■ PROBLEM TO SOLVE ■
Your output should be the lines below from the one with "Heat 2 tablespoons" through the one with "OさんもSさんも、タコとイエ", copied exactly, pictures excluded.

■ RECORDS FOR THE TASK ■
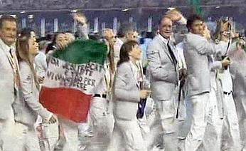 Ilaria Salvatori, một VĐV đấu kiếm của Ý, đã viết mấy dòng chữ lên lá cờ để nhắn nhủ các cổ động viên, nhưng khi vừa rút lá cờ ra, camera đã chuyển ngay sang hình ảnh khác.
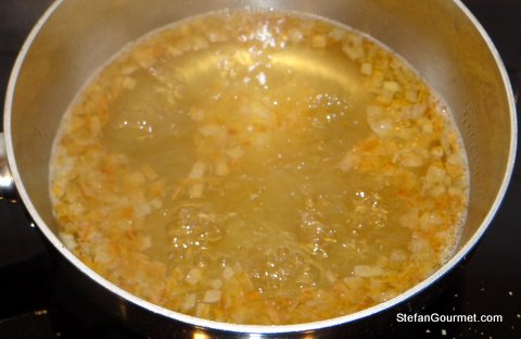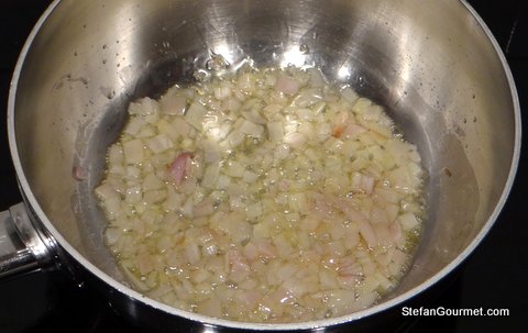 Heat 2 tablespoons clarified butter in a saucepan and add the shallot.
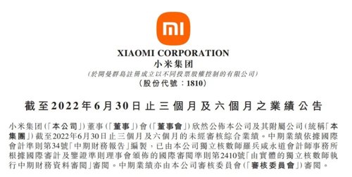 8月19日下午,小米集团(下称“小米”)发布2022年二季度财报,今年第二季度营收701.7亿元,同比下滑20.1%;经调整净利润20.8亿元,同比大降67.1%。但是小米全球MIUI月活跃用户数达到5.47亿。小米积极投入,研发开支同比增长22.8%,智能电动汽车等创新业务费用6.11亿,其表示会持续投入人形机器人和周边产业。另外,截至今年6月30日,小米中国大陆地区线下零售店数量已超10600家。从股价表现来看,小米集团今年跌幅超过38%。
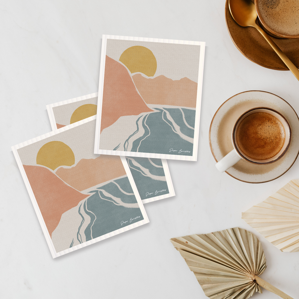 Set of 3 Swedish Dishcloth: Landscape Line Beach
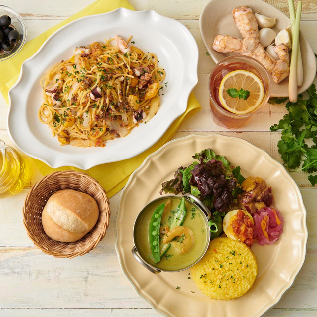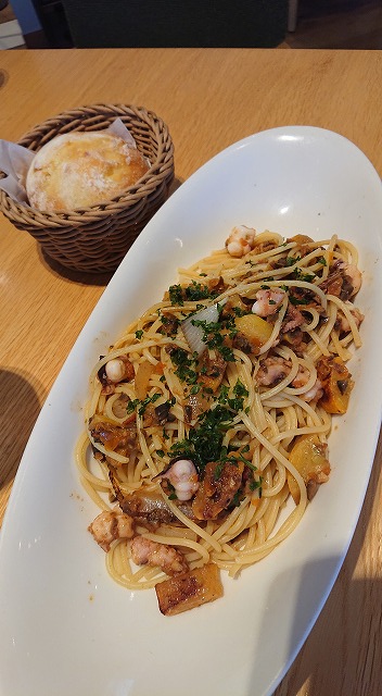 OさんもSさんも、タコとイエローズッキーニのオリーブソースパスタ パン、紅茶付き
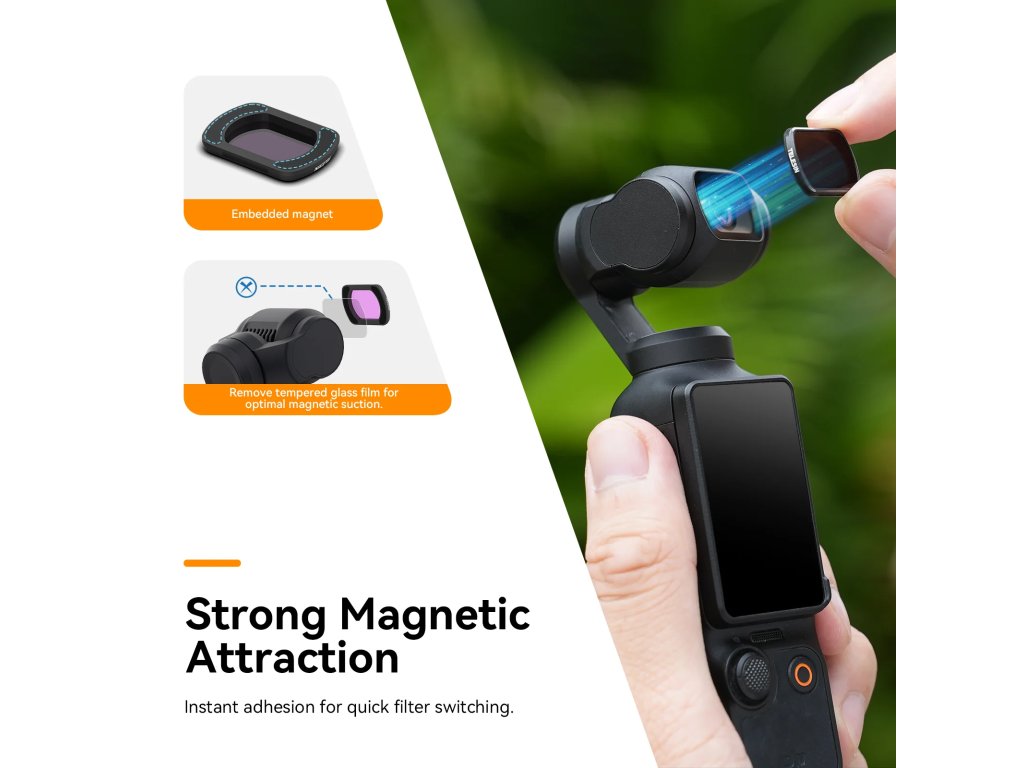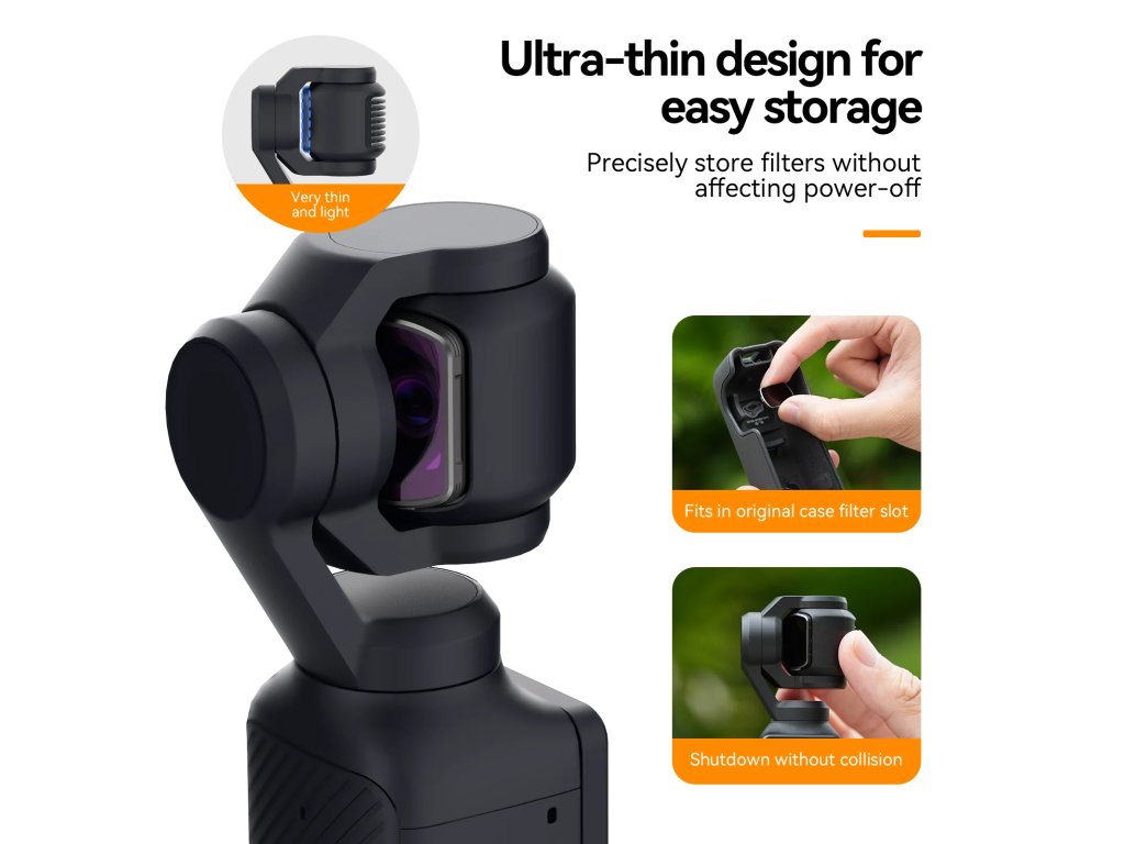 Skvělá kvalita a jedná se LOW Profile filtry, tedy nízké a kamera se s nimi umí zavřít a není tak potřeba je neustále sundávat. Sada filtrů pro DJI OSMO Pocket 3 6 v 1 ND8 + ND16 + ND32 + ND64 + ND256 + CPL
...
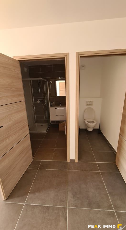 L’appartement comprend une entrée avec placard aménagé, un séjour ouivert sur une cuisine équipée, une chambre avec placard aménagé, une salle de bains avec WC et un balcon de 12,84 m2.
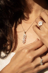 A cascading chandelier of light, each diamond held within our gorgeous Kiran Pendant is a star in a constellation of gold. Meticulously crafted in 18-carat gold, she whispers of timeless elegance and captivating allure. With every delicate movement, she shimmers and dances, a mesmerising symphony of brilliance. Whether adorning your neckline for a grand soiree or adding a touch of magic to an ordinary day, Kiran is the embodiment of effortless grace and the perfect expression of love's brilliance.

■ PROBLEM SOLUTION ■
 Heat 2 tablespoons clarified butter in a saucepan and add the shallot.
 8月19日下午,小米集团(下称“小米”)发布2022年二季度财报,今年第二季度营收701.7亿元,同比下滑20.1%;经调整净利润20.8亿元,同比大降67.1%。但是小米全球MIUI月活跃用户数达到5.47亿。小米积极投入,研发开支同比增长22.8%,智能电动汽车等创新业务费用6.11亿,其表示会持续投入人形机器人和周边产业。另外,截至今年6月30日,小米中国大陆地区线下零售店数量已超10600家。从股价表现来看,小米集团今年跌幅超过38%。
 Set of 3 Swedish Dishcloth: Landscape Line Beach
 OさんもSさんも、タコとイエローズッキーニのオリーブソースパスタ パン、紅茶付き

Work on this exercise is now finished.